Local doctor forced to close after 35 years following health authority ruling
A long-serving general practitioner in eastern Norway has been ordered to shut down his practice after health authorities ruled his patient list was unsustainably large, leaving around 2,100 residents without a family doctor from 10 April.
Arnaldo Lerner, 65, has run his clinic in Kirkenær, Grue municipality, for nearly three decades, treating up to 70 patients daily. But Norway’s Health Economics Administration (Helfo) has now intervened, imposing a fine of several million kroner and revoking his license, Dagbladet reports.

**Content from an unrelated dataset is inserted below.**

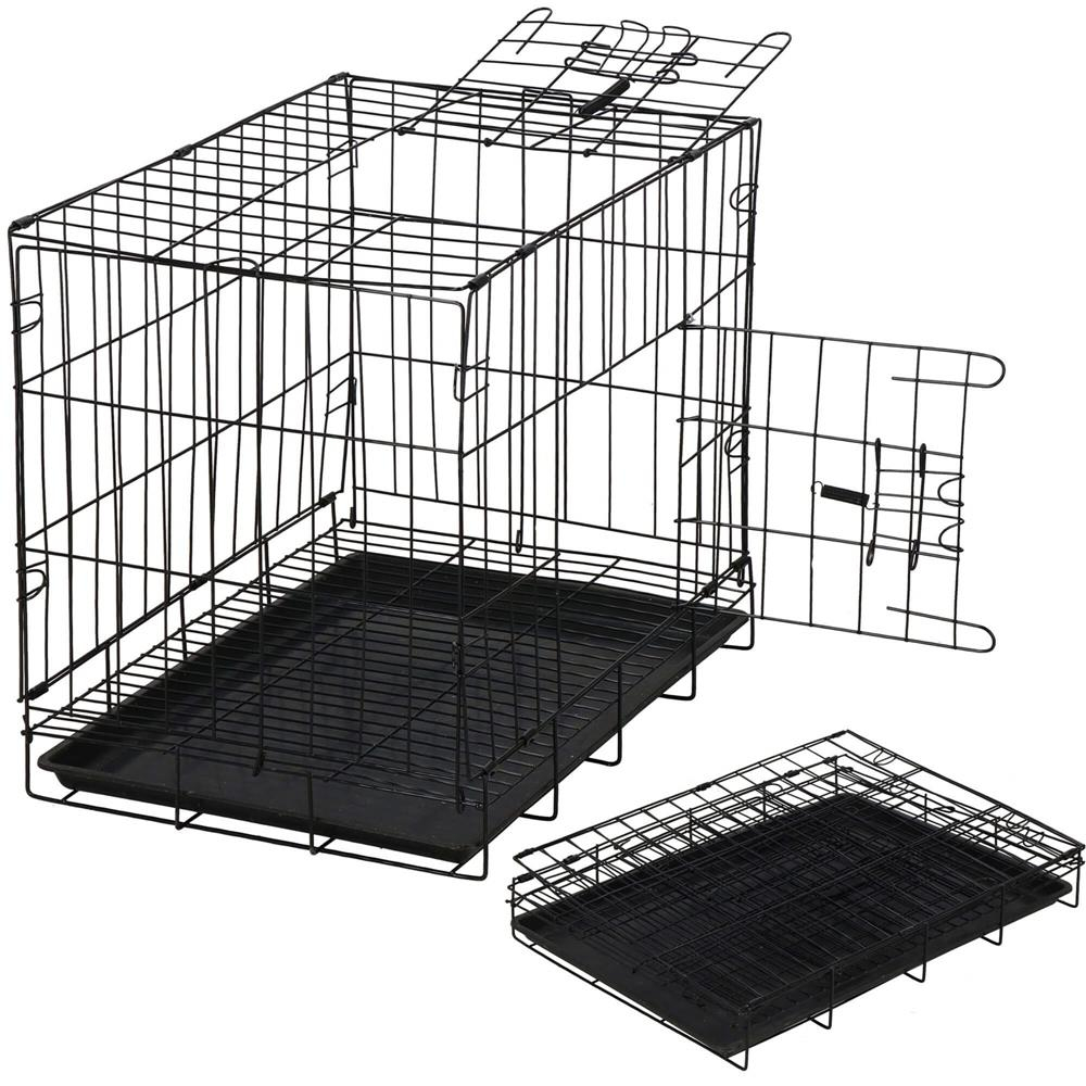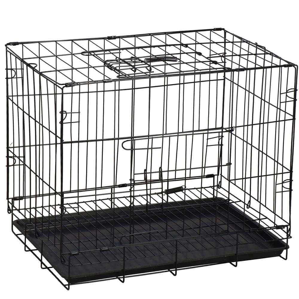 Cusca pentru animale, 2 usi, Pliabila din metal, M, Negru, 50x42x34 cm
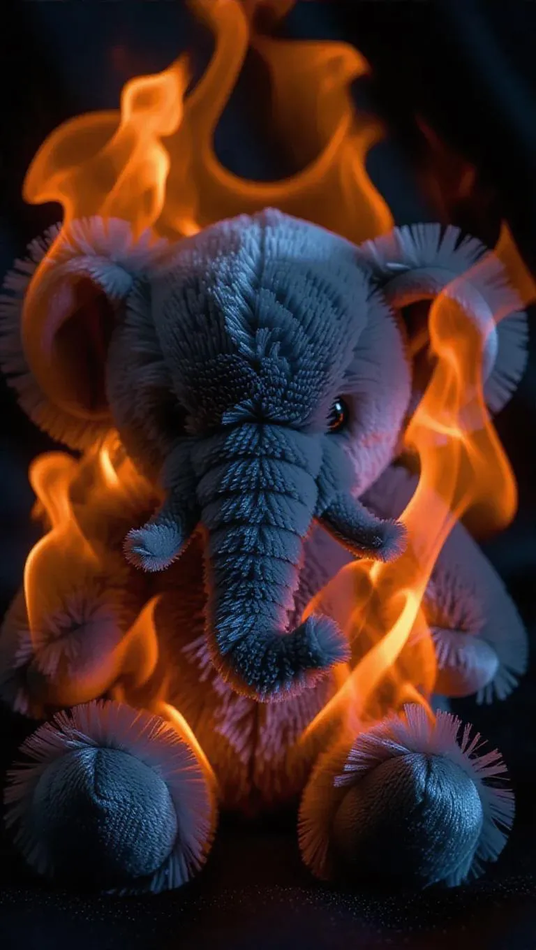 A close-up of a elephant plush bear engulfed in raging amber flames, synthetic fur curling into blackened tendrils.

“Hei, tjukken!” (“Hi, chubby!”) patient Per Kjølstad greets Lerner as the doctor enters the room for a blood draw—one of many routine interactions in a practice where Lerner has built long-term relationships. Kjølstad, like roughly 2,100 others in the small community, will lose his family doctor next month.
The clinic, housed in a white wooden building with light-blue trim along Kirkenær’s main road, has been a local institution. Lerner’s daily routine began before dawn, descending from his upstairs home to the ground-floor practice. But Helfo’s decision, citing excessive patient load, brings an abrupt end to his career.
Norway’s ongoing shortage of general practitioners has left rural areas particularly vulnerable. Grue municipality, with a population of around 4,500, now faces further strain as patients scramble to secure new doctors amid limited capacity.